Ma quanto è brutto il nuovo Senato firmato Matteo Renzi

Invece di abolirla semplicemente, il premier creerà un'istituzione ancora più inutile di quella attuale, ma altrettanto costosa. Perché a interessargli davvero non sono le riforme, ma la sua personale guerra contro gli oppositori

ROMA – Anche stavolta Matteo Renzi l'ha sfangata. Grazie ai transfughi verdiniani venuti via con poco da Forza Italia, e ai ribelli di cartone del Partito democratico tornati ad obbedire alla prima minaccia di elezioni anticipate, questa maggioranza che sta su con lo sputo riuscirà a non far cadere il governo, approvando la sua riforma del Senato. Al di là dei vuoti giochetti parlamentari, però, quello che molti italiani ora vorrebbero capire è che aspetto avrà il quadro delle istituzioni ridisegnato da Renzi. Ebbene, per farla breve, sarà un casino da far impallidire le tele cubiste di Picasso. Intanto, come già accaduto con l'Italicum, questa riforma non servirà a permettere agli italiani di tornare ad eleggere i propri rappresentanti.

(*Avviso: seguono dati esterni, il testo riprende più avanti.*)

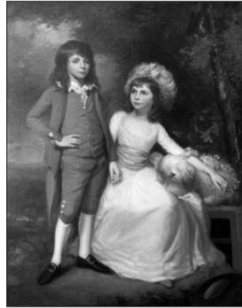
Mather Brown’s painting in the Longfellow House parlor

in memory of Jack the dog under the magnificent linden tree on the east lawn alongside the House. Chiseled into the flat gray marker are the words “Our Little Friend Jack, 1901-1914.” The Harvard students used the gravestone as a way to discuss with elementary-school children what pets mean to a family and what people might feel following such a loss.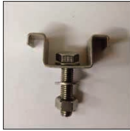
25mm M clip £1.60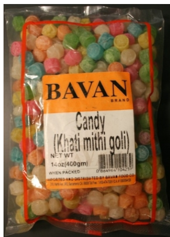
BAVAN Brand Santra Goli and BAVAN Khati Mithi Goli Imported from India Recalled on: January 28, 2011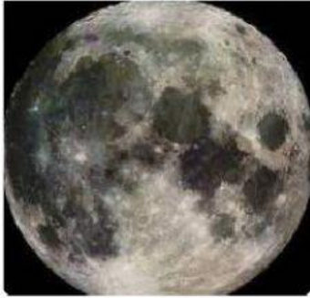
Earth's only natural satellite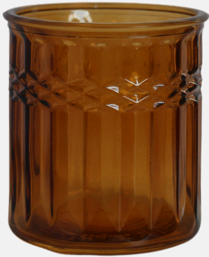
AMBER CRYSTAL CUT VOTIVES

Come alla Camera la maggior parte dei deputati continuerà ad essere nominato dai segretari di partito, al Senato la scelta spetterà invece ai Consigli regionali, che pescheranno i senatori tra le loro file: e, vista la quantità di scandali e ruberie scoperte al loro interno in questi anni, questo dettaglio non ci rassicura molto. La minoranza del Pd, che aveva promesso le barricate per salvaguardare la democrazia, ci vuole spacciare come grande vittoria l'aggiunta di una semplice frasetta: «In conformità alle scelte espresse dagli elettori». Ma non solo il modo in cui avverranno queste presunte scelte è ancora tutto da chiarire: oltretutto l'ultima parola spetterà sempre e comunque alle Regioni, con buona pace dei cittadini italiani.

Inutile ma costoso
Tutto questo affanno per risparmiare lo stipendio degli attuali 315 senatori, un gruzzoletto intorno ai 50 milioni di euro all'anno. Fanno sempre comodo, s'intende: ma il grosso dei costi del Senato, che complessivamente ammontano a 540 milioni (circa un quinto dei 2,5 miliardi di spesa annuale per l'intera politica italiana), di cui 98 solo per gli stipendi dei dipendenti, continueremo a sborsarlo. Per pagare un'istituzione che sostanzialmente si occuperà soltanto delle briciole lasciate sul piatto dai colleghi della Camera: qualche leggina in tema di Europa, enti locali e pubblica amministrazione. Bazzecole, insomma. Dal bicameralismo perfetto passeremo al monocameralismo imperfetto. Ma se Matteo Renzi era davvero convinto che il Senato non servisse a nulla (e su questo, una volta tanto, potremmo anche concordare con lui), perché invece di inventarsi questo pastrocchio incomprensibile non l'ha semplicemente cancellato e buonanotte a tutti? Perché il nostro premier è un fine tattico, ma un pessimo stratega. Non gli interessava davvero l'abolizione del Senato, così come non gli interessava l'abolizione delle province (che infatti sono rimaste in piedi, solo che non le eleggiamo più noi cittadini). Quello che davvero gli importava era solo incassare un'altra vittoria personale sui suoi oppositori. Dimostrare di averlo più lungo, se perdonate il francesismo. In cambio noi italiani ci ritroveremo con un Parlamento, se possibile, ancora più incasinato e inconcludente di quello attuale, oltre che antidemocratico. Sempre che Renzi incassi anche la prossima vittoria: perché, prima di entrare in vigore, la riforma dovrà essere sottoposta a referendum entro il prossimo anno. Stavolta si troverà contro non quegli smidollati della minoranza Pd, ma tutti gli elettori italiani. E vincere, per lui, potrebbe essere più difficile. D'altronde con le elezioni Matteo Renzi non ha mai avuto particolare familiarità...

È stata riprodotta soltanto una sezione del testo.